Generalizable and Adaptive Continual Learning Framework for AI-generated Image Detection

Authors: Hanyi Wang, Jun Lan, Yaoyu Kang, Huijia Zhu, Weiqiang Wang, Zhuosheng Zhang, Shilin Wang

Published: 2026-01-09 07:01:22+00:00

Comment: Accepted by TMM 2025

AI Summary

This paper introduces a novel three-stage domain continual learning framework for AI-generated image detection, designed to continuously adapt to evolving generative models and enhance generalization. It combines parameter-efficient fine-tuning for a transferable offline detector, a data augmentation chain with Kronecker-Factored Approximate Curvature (K-FAC) for new knowledge acquisition and catastrophic forgetting mitigation.
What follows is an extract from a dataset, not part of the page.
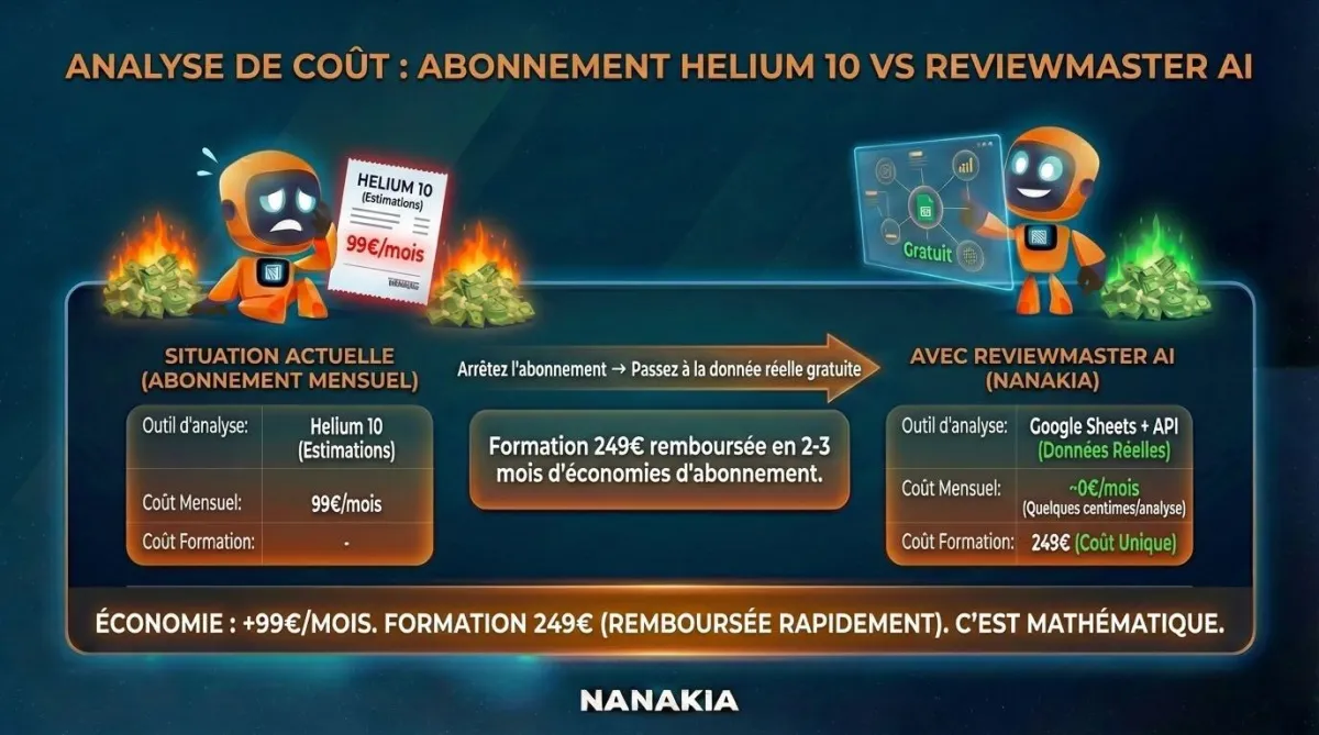 Alors tu fais ce que tout le monde fait : tu ouvres Helium 10. Tu paies 99€/mois pour des estimations. Tu regardes les avis de tes concurrents… un par un. À la main. Tu copies-colles dans un Google Doc. Au bout de 30 minutes, tu abandonnes.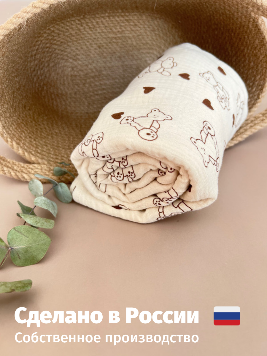 Муслиновая пеленка для новорожденных Kiddie Sofi бежевая с маленькими мишками и сердечками, 130х90 см информация:

The framework also leverages linear interpolation based on Linear Mode Connectivity to balance plasticity and stability, achieving superior performance on a benchmark of 27 generative models.

Abstract

The malicious misuse and widespread dissemination of AI-generated images pose a significant threat to the authenticity of online information. Current detection methods often struggle to generalize to unseen generative models, and the rapid evolution of generative techniques continuously exacerbates this challenge. Without adaptability, detection models risk becoming ineffective in real-world applications. To address this critical issue, we propose a novel three-stage domain continual learning framework designed for continuous adaptation to evolving generative models. In the first stage, we employ a strategic parameter-efficient fine-tuning approach to develop a transferable offline detection model with strong generalization capabilities. Building upon this foundation, the second stage integrates unseen data streams into a continual learning process. To efficiently learn from limited samples of novel generated models and mitigate overfitting, we design a data augmentation chain with progressively increasing complexity. Furthermore, we leverage the Kronecker-Factored Approximate Curvature (K-FAC) method to approximate the Hessian and alleviate catastrophic forgetting. Finally, the third stage utilizes a linear interpolation strategy based on Linear Mode Connectivity, effectively capturing commonalities across diverse generative models and further enhancing overall performance. We establish a comprehensive benchmark of 27 generative models, including GANs, deepfakes, and diffusion models, chronologically structured up to August 2024 to simulate real-world scenarios. Extensive experiments demonstrate that our initial offline detectors surpass the leading baseline by +5.51% in terms of mean average precision. Our continual learning strategy achieves an average accuracy of 92.20%, outperforming state-of-the-art methods.


Key findings
The initial offline detectors demonstrated strong generalization, outperforming the leading baseline by +5.51% in mean average precision. The proposed continual learning strategy achieved an average accuracy of 92.20%, surpassing state-of-the-art methods in adapting to evolving generative models. Furthermore, the method exhibited better overall robustness against common post-processing operations like Gaussian blur and JPEG compression.
Approach
The proposed approach involves a three-stage domain continual learning framework. The first stage develops a generalizable offline detector using parameter-efficient fine-tuning (LoRA) on the MLP layers of a CLIP Vision Transformer. The second stage integrates unseen data streams, employing a progressively complex data augmentation chain for plasticity and Kronecker-Factored Approximate Curvature (K-FAC) for stability to prevent catastrophic forgetting. Finally, the third stage utilizes a linear interpolation strategy based on Linear Mode Connectivity to capture commonalities across diverse generative models, enhancing overall performance by balancing plasticity and stability.
Datasets
A comprehensive benchmark of 27 generative models, chronologically structured from October 2017 to August 2024, including: GANs (ProGAN, CycleGAN, StarGAN, BigGAN, StyleGAN, GauGAN, StyleGAN2), Deepfakes (Deepfake), and Diffusion Models (DDPM, ADM, iDDPM, DALL·E, GLIDE, LDM, PNDM, Wukong, SD v1.4, Midjourney, SD v1.5, VQDM, SD v2.1, SDXL v1.0, SD-Turbo, SDXL-Turbo, SD v3.0, PixArt-Σ, FLUX.1).
Model(s)
The core architecture used is CLIP Vision Transformer (CLIP-ViT), specifically ViT-B/32 and ViT-L/14, as the backbone. For fine-tuning, Low-Rank Adaptation (LoRA) is employed. The continual learning process incorporates a Data Augmentation Chain, Kronecker-Factored Approximate Curvature (K-FAC) for Hessian approximation, and a Linear Mode Connectivity-based linear interpolation strategy.